RECORDED DATA:
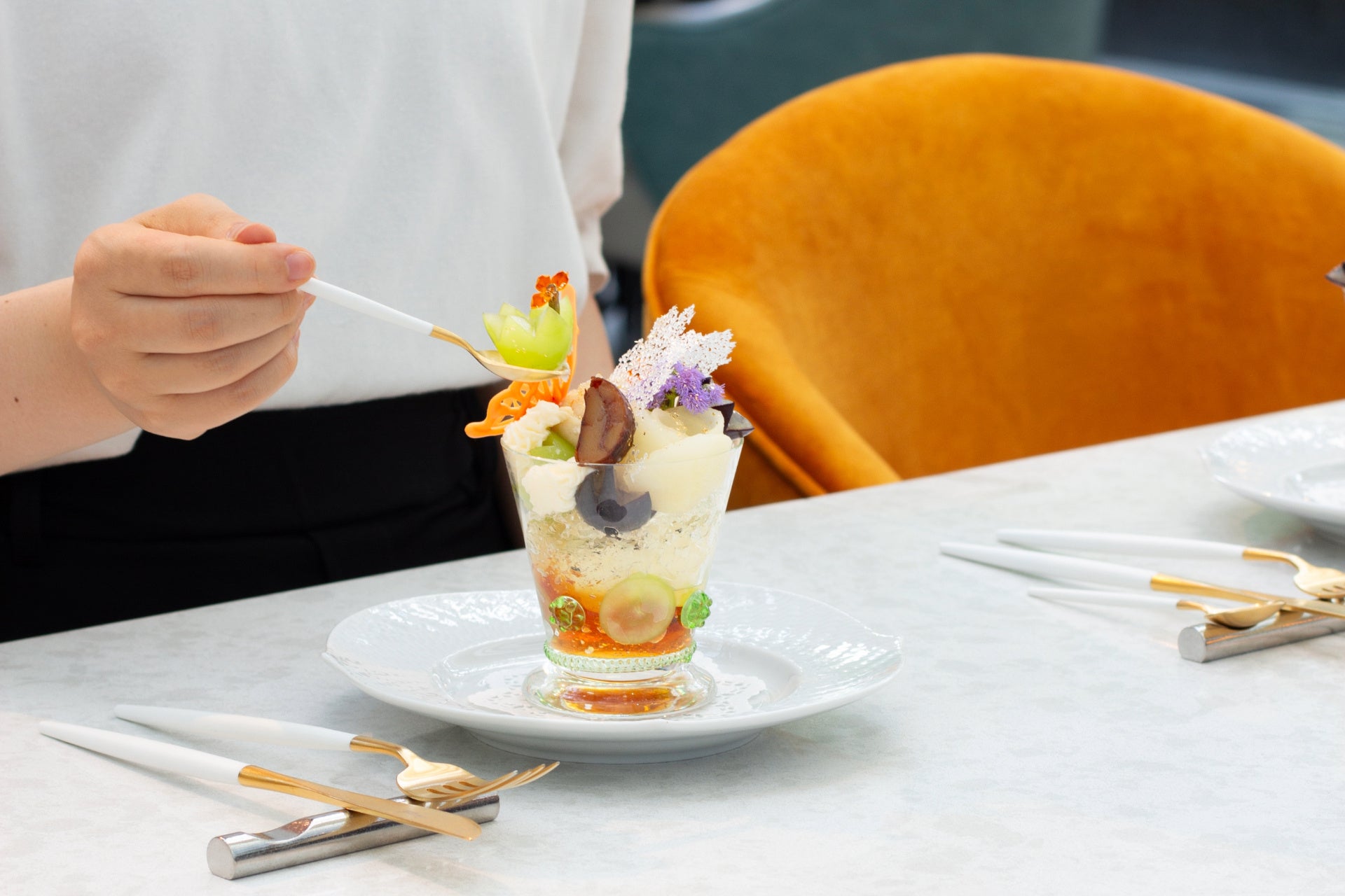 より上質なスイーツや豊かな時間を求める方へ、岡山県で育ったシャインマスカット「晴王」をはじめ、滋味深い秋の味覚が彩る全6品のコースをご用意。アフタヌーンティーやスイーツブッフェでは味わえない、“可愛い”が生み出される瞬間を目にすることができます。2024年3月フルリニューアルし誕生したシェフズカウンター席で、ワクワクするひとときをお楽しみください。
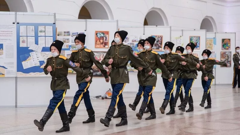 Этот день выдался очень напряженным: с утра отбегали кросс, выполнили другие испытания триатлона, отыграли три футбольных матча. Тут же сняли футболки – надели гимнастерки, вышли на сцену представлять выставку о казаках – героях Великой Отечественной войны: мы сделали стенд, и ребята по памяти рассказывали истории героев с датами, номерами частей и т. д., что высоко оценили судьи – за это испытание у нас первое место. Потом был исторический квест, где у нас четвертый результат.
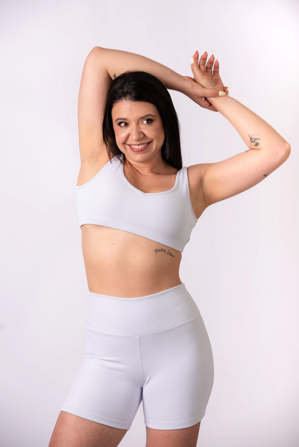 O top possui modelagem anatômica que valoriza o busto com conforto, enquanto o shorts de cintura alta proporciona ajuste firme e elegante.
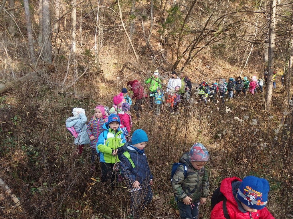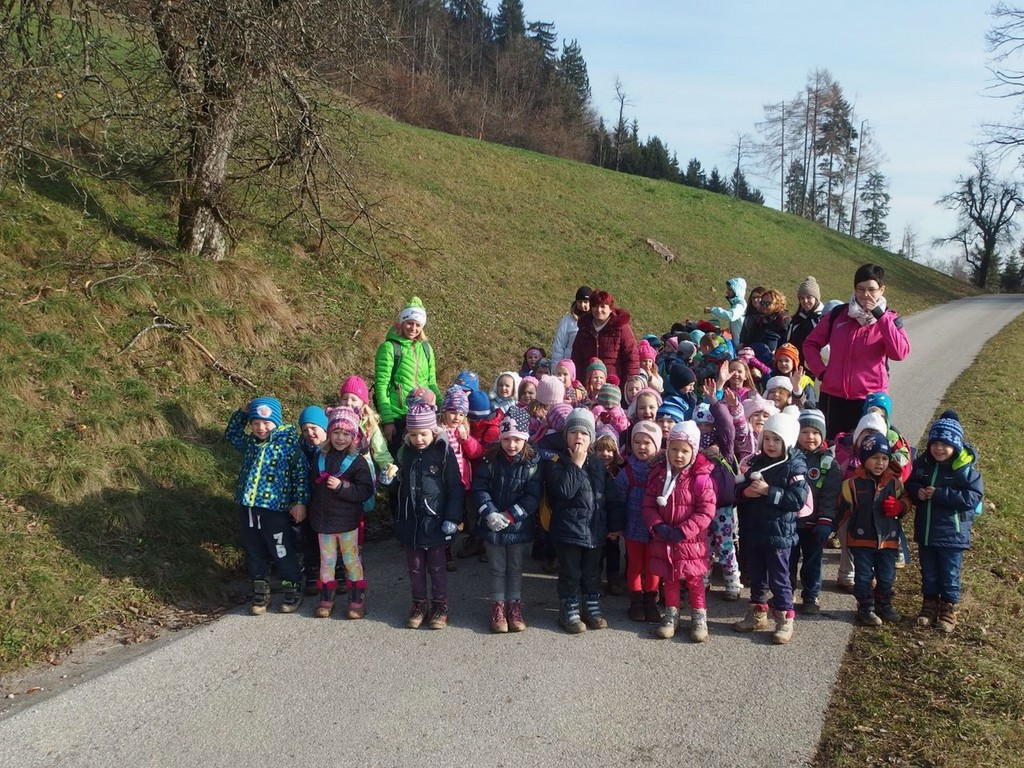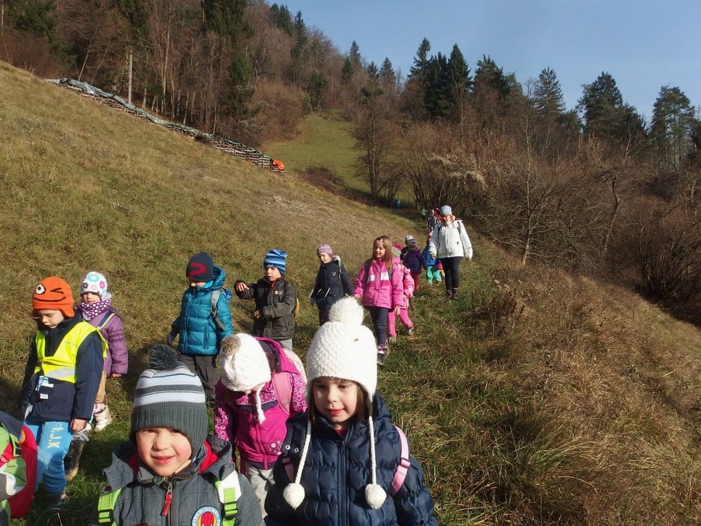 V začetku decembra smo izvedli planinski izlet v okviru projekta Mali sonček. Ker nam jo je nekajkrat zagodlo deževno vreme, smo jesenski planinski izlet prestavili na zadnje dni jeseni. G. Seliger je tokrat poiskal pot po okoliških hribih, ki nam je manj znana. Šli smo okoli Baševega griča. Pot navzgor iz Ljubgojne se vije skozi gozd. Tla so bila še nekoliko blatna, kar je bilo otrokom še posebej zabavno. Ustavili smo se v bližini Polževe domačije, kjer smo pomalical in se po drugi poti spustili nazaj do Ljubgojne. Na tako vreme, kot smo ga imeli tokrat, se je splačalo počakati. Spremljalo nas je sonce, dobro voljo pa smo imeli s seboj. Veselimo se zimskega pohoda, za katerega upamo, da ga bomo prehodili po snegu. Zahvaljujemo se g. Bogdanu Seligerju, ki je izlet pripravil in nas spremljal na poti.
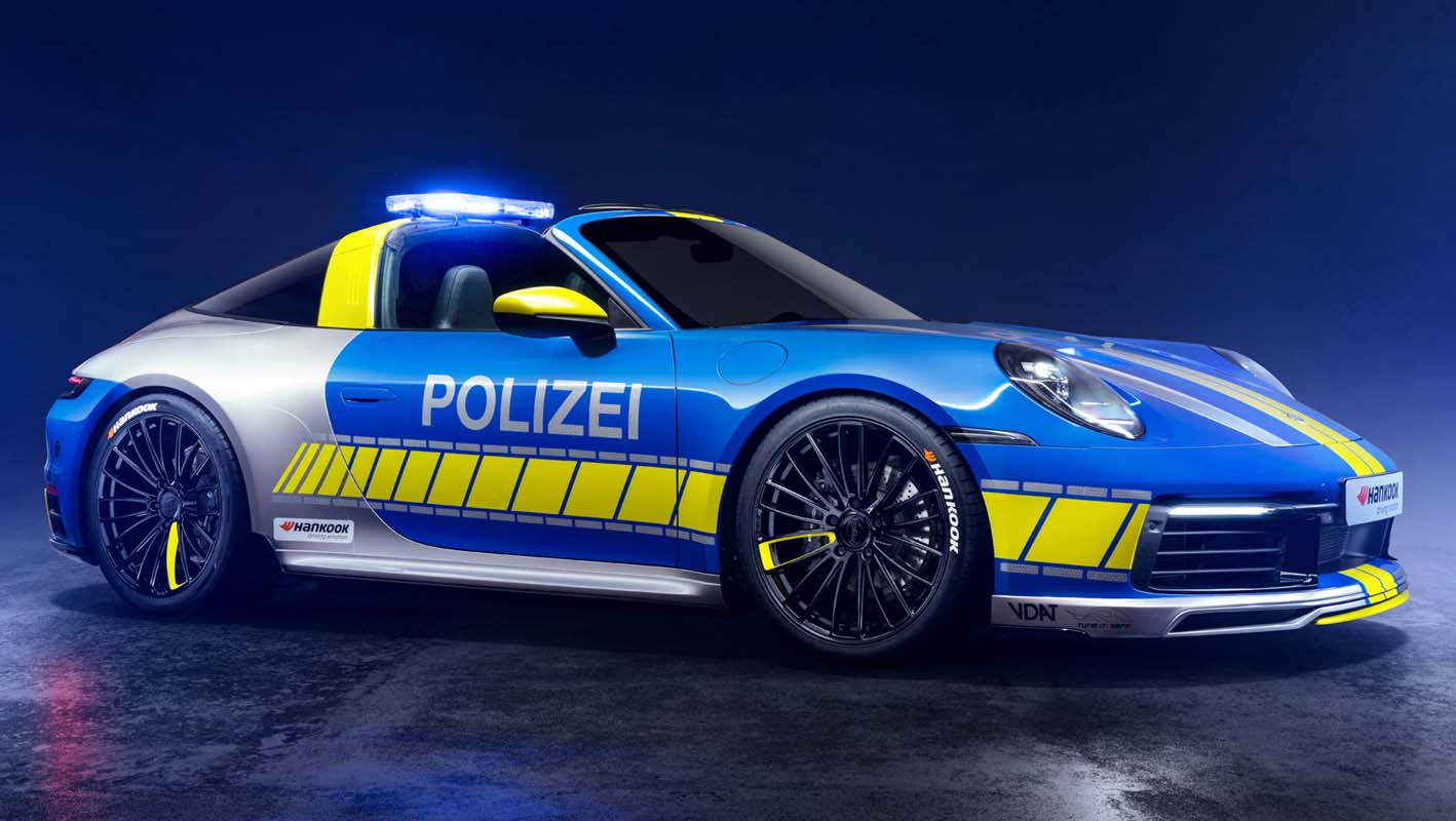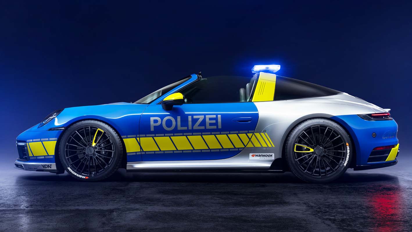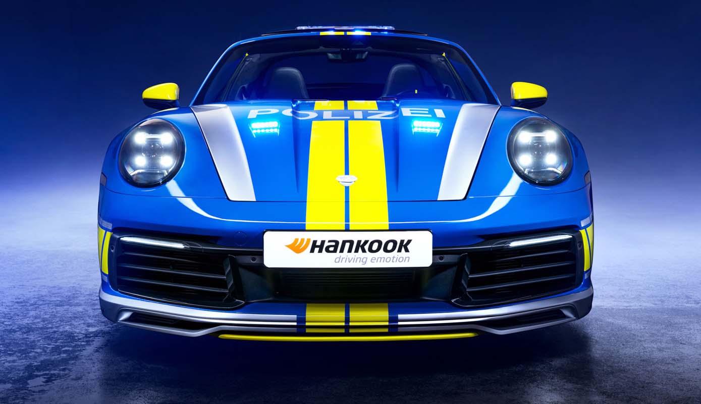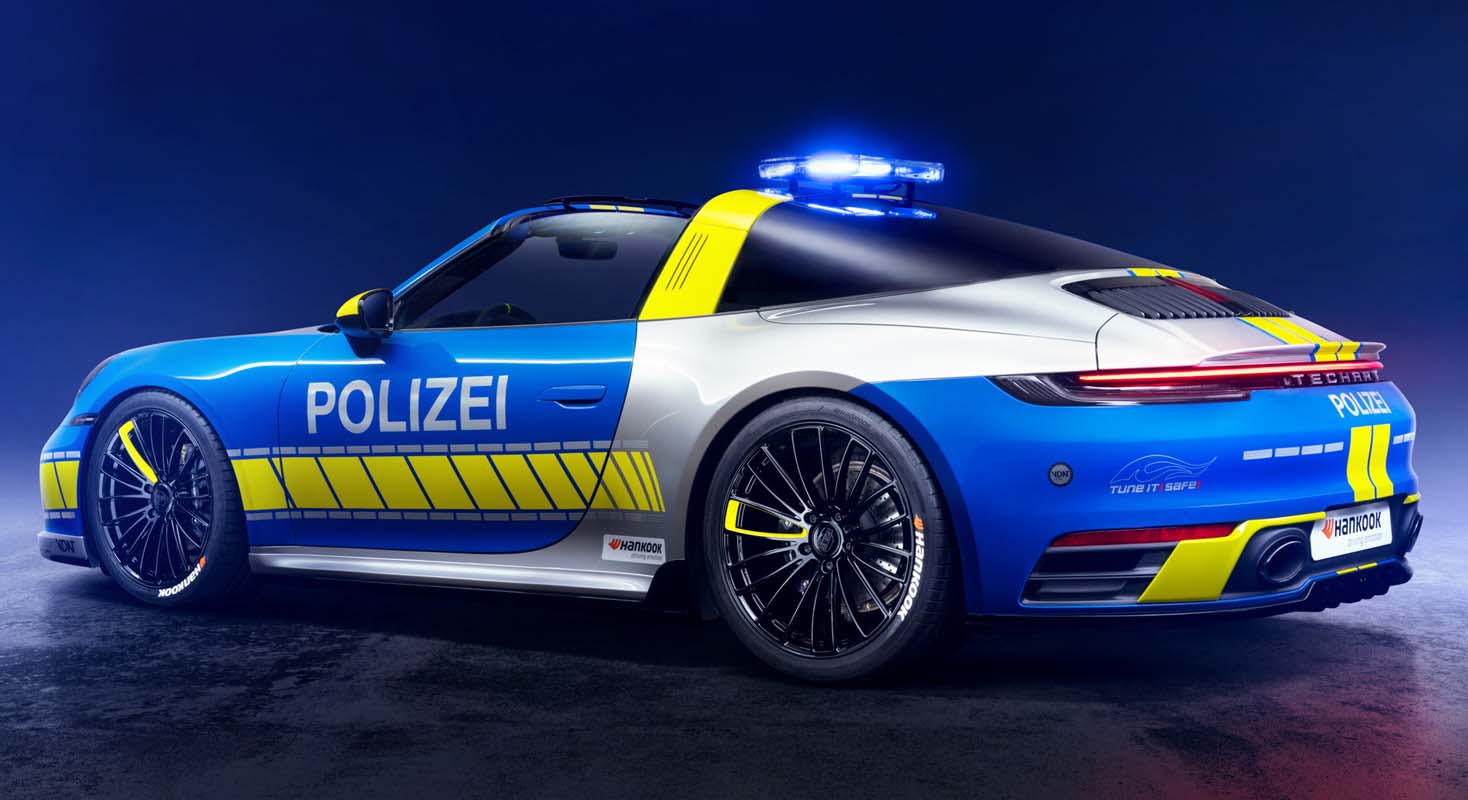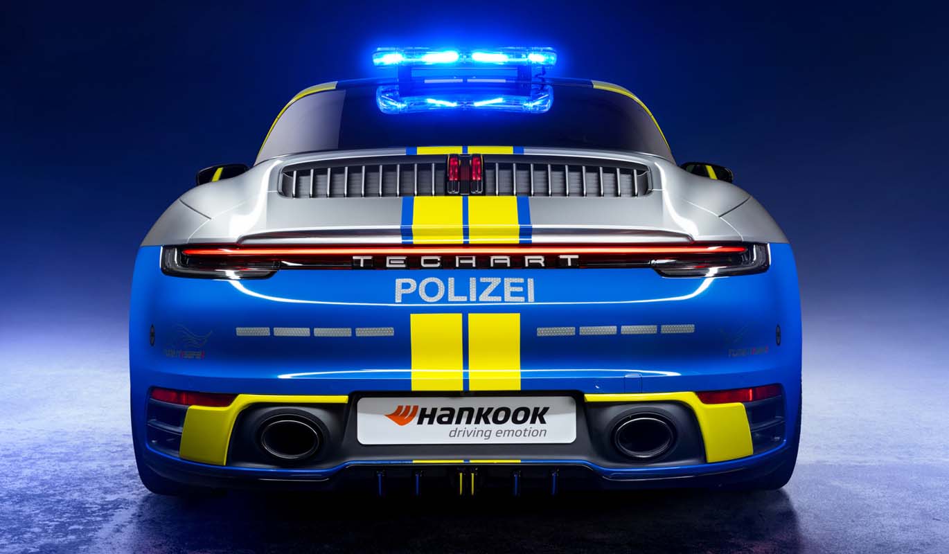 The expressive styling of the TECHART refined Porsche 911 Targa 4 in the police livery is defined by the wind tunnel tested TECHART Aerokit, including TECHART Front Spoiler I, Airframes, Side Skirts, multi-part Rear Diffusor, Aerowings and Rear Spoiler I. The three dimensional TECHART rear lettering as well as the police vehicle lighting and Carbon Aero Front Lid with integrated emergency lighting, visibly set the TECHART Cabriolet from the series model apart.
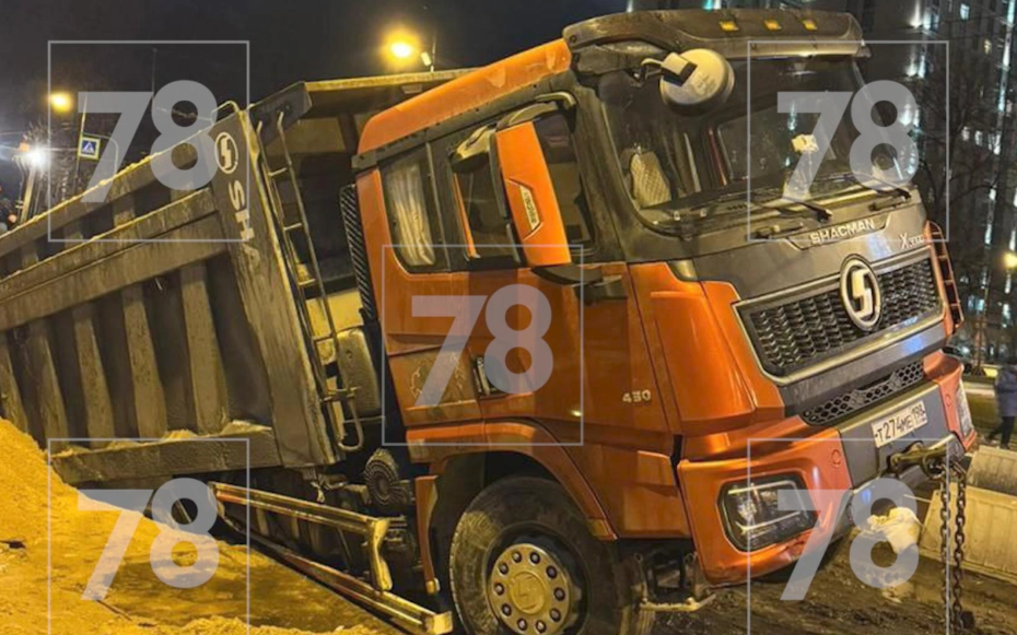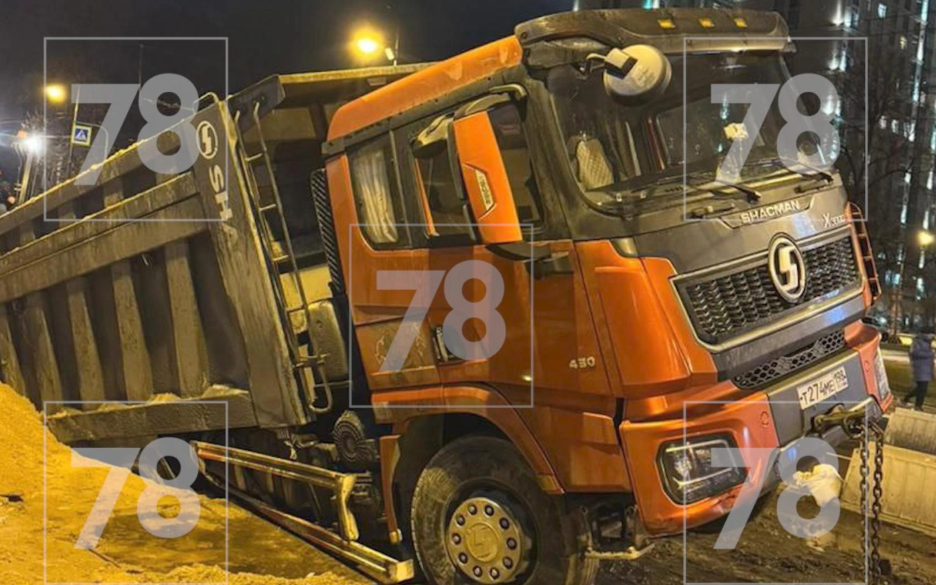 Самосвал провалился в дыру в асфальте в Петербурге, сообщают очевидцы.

DIRECTIONS: Pictures are to be left out; please print the rest of the records above word for word.

YOUR SOLUTION:
 より上質なスイーツや豊かな時間を求める方へ、岡山県で育ったシャインマスカット「晴王」をはじめ、滋味深い秋の味覚が彩る全6品のコースをご用意。アフタヌーンティーやスイーツブッフェでは味わえない、“可愛い”が生み出される瞬間を目にすることができます。2024年3月フルリニューアルし誕生したシェフズカウンター席で、ワクワクするひとときをお楽しみください。
 Этот день выдался очень напряженным: с утра отбегали кросс, выполнили другие испытания триатлона, отыграли три футбольных матча. Тут же сняли футболки – надели гимнастерки, вышли на сцену представлять выставку о казаках – героях Великой Отечественной войны: мы сделали стенд, и ребята по памяти рассказывали истории героев с датами, номерами частей и т. д., что высоко оценили судьи – за это испытание у нас первое место. Потом был исторический квест, где у нас четвертый результат.
 O top possui modelagem anatômica que valoriza o busto com conforto, enquanto o shorts de cintura alta proporciona ajuste firme e elegante.
 V začetku decembra smo izvedli planinski izlet v okviru projekta Mali sonček. Ker nam jo je nekajkrat zagodlo deževno vreme, smo jesenski planinski izlet prestavili na zadnje dni jeseni. G. Seliger je tokrat poiskal pot po okoliških hribih, ki nam je manj znana. Šli smo okoli Baševega griča. Pot navzgor iz Ljubgojne se vije skozi gozd. Tla so bila še nekoliko blatna, kar je bilo otrokom še posebej zabavno. Ustavili smo se v bližini Polževe domačije, kjer smo pomalical in se po drugi poti spustili nazaj do Ljubgojne. Na tako vreme, kot smo ga imeli tokrat, se je splačalo počakati. Spremljalo nas je sonce, dobro voljo pa smo imeli s seboj. Veselimo se zimskega pohoda, za katerega upamo, da ga bomo prehodili po snegu. Zahvaljujemo se g. Bogdanu Seligerju, ki je izlet pripravil in nas spremljal na poti.
 The expressive styling of the TECHART refined Porsche 911 Targa 4 in the police livery is defined by the wind tunnel tested TECHART Aerokit, including TECHART Front Spoiler I, Airframes, Side Skirts, multi-part Rear Diffusor, Aerowings and Rear Spoiler I. The three dimensional TECHART rear lettering as well as the police vehicle lighting and Carbon Aero Front Lid with integrated emergency lighting, visibly set the TECHART Cabriolet from the series model apart.
 Самосвал провалился в дыру в асфальте в Петербурге, сообщают очевидцы.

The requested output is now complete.